In article <93095.172834IO21087@MAINE.MAINE.EDU> IO21087@MAINE.MAINE.EDU writes:
>Being a baseball fan and a fan of the above mentioned band I was
>wondering if anyone could clue me in on whether the Dead (or members
>of) sang the national anthem at todays Giant opener?
>
>I would imagine that it is a bit too early for anyone to know, but
>an answer would be greatly appreciated.
>
It is my understanding that the Dead will sing the NA at the Giants
home opener on Mon. 4/12. The Giants are opening today in St. Louis.

luigi
--
Randy Palermo   luigi@csd.sgi.com    Fax: (415)961-6502
Silicon Graphics Computer Systems, 2011 N. Shoreline Blvd Mt. View, CA 94039
"Play an accordion, go to jail. That's the LAW"



In [20]:
print(emails.target[5])

0


Create the train and test datasets

In [6]:
train_emails = fetch_20newsgroups(categories = ['rec.sport.baseball', 'soc.religion.christian'], subset = 'train',shuffle= True,random_state=42)

In [7]:
# print(train_emails)

In [8]:
test_emails = fetch_20newsgroups(categories = ['rec.sport.baseball', 'soc.religion.christian'], subset = 'test',shuffle= True,random_state=42)
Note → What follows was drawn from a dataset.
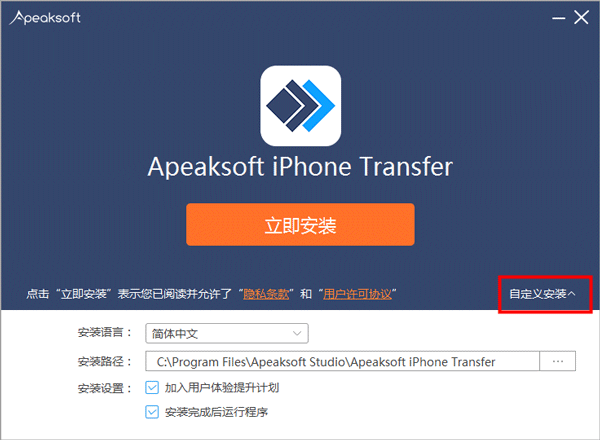 安装向导默认设置的软件默认安装路径为C:\Program Files (x86)\Apeaksoft Studio\iPhone Transfer

We want to transform these emails into lists of word counts. The CountVectorizer class makes this easy for us.

In [9]:
counter = CountVectorizer()

We need to tell counter what possible words can exist in our emails. counter has a .fit() a function that takes a list of all our data.

In [10]:
counter.fit(train_emails.data+test_emails.data)

In [11]:
train_counts = counter.transform(train_emails.data)

In [12]:
print(train_counts)

  (0, 1145)	2
  (0, 1196)	1
  (0, 2727)	3
  (0, 2999)	1
  (0, 3091)	1
  (0, 3189)	1
  (0, 3317)	1
  (0, 3510)	4
  (0, 3597)	1
  (0, 3944)	2
  (0, 4075)	1
  (0, 4150)	1
  (0, 4241)	1
  (0, 4574)	1
  (0, 4696)	1
  (0, 4821)	5
  (0, 4869)	2
  (0, 4977)	1
  (0, 5079)	1
  (0, 5247)	4
  (0, 5531)	1
  (0, 5973)	2
  (0, 6053)	1
  (0, 6291)	2
  (0, 6308)	1
  :	:
  (1195, 23756)	1
  (1195, 23757)	3
  (1195, 23964)	1
  (1195, 23974)	1
  (1195, 23978)	17
  (1195, 24028)	2
  (1195, 24160)	1
  (1195, 24200)	1
  (1195, 24233)	1
  (1195, 24259)	6
  (1195, 24726)	1
  (1195, 25443)	1
  (1195, 25722)	1
  (1195, 25761)	1
  (1195, 25798)	1
  (1195, 25846)	2
  (1195, 25946)	1
  (1195, 25957)	1
  (1195, 25959)	1
  (1195, 26012)	1
  (1195, 26142)	1
  (1195, 26329)	1
  (1195, 26446)	1
  (1195, 26481)	7
  (1195, 26491)	1


In [13]:
test_counts = counter.transform(test_emails.data)

In [14]:
nvc = MultinomialNB()

In [15]:
nvc.fit(train_counts,train_emails.target)

In [16]:
print(nvc.score(test_counts,test_emails.target))

0.9924528301886792


When testing the accuracy of our classifier we have a very high accuracy of 99%

In [17]:
emails_new = fetch_20newsgroups(categories = ['rec.sport.baseball', 'rec.sport.hockey'])
email_counts_new = counter.transform(emails_new.data)
print(nvc.score(email_counts_new,emails_new.target))

0.5054302422723476


The classifier was 99% accurate when trying to classify hockey and religious emails. But only 50% accurate when trying to distingusih betwen two sports

This is worse and makes sense — emails about sports probably share more words in common.